# PPS 9mm



## spacedoggy (May 11, 2006)

I got a chance to dry fire and play with a first edition 
*PPS 9mm and it smells like a S&W. The action felt loose to me or not smooth at all. Overall quality sucks and I can't believe Walther put it's name on it. *


----------



## hideit (Oct 3, 2007)

well that just sucks....
wife and i are happy with the p22 and was hoping the pps would be the same


----------



## wayno (Nov 15, 2007)

Well crap!!!!!:smt076


----------



## PX (May 14, 2006)

Amazing...

And the funny thing is I have read test reports on the new Walther PPS in 4 or 5 current firearm magazines, seen two videos (one on www.gunblast.com), and read numerous posts on several firearms forums, incuding www.waltherforum.com and the dedicated Walther PPS forum and 99% of those testing, and those private individuals who actually OWN and have fired the PPS love 'em..

Guess you can't please all of the people all of the time?

I'm buying one just as soon as I can find a black one (don't care for the First Edition).

JMOFO

UPDATE: 1/16/08

Far be it from me to question another persons opinion on anything, but I've had my PPS now for a couple of weeks and IMO it is a FINE pistol. I have the P99/AS and the P99c/AS and this PPS is certainly equal in quality to either of those, and I've had firearms for over 50 years and cc legally since 1966 so I've seen a lot of pistols and revolvers come and go.

Funny EVERY single test report I've read, or "seen" has been positive... Now I have a PPS and my personal experience is that the PPS is accurate, reliable, extremely slim, and a pleasure to cc or just plink with.
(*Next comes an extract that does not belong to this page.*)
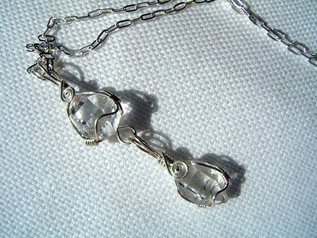 ショップ定番の、ハ−キマーを使ったワイヤーラップの「プチシリーズ」と「アクセサリー」の続きです。

Just my old fart opinion, but I think I would take one person's negative comments on the PPS, especially a comment from someone who has never fired one with a grain of salt. I think the old adage "you can't please all the people all the time" might apply here. Betcha the new Walther PPS pleases the vast majority of owners all of the time. Mine certainly has exceeded my expectations in that it's good enough I've replaced my former favorite cc P99c/AS with the slimmer PPS..

YMMV

J.Pomeroy

J.Pomeroy


----------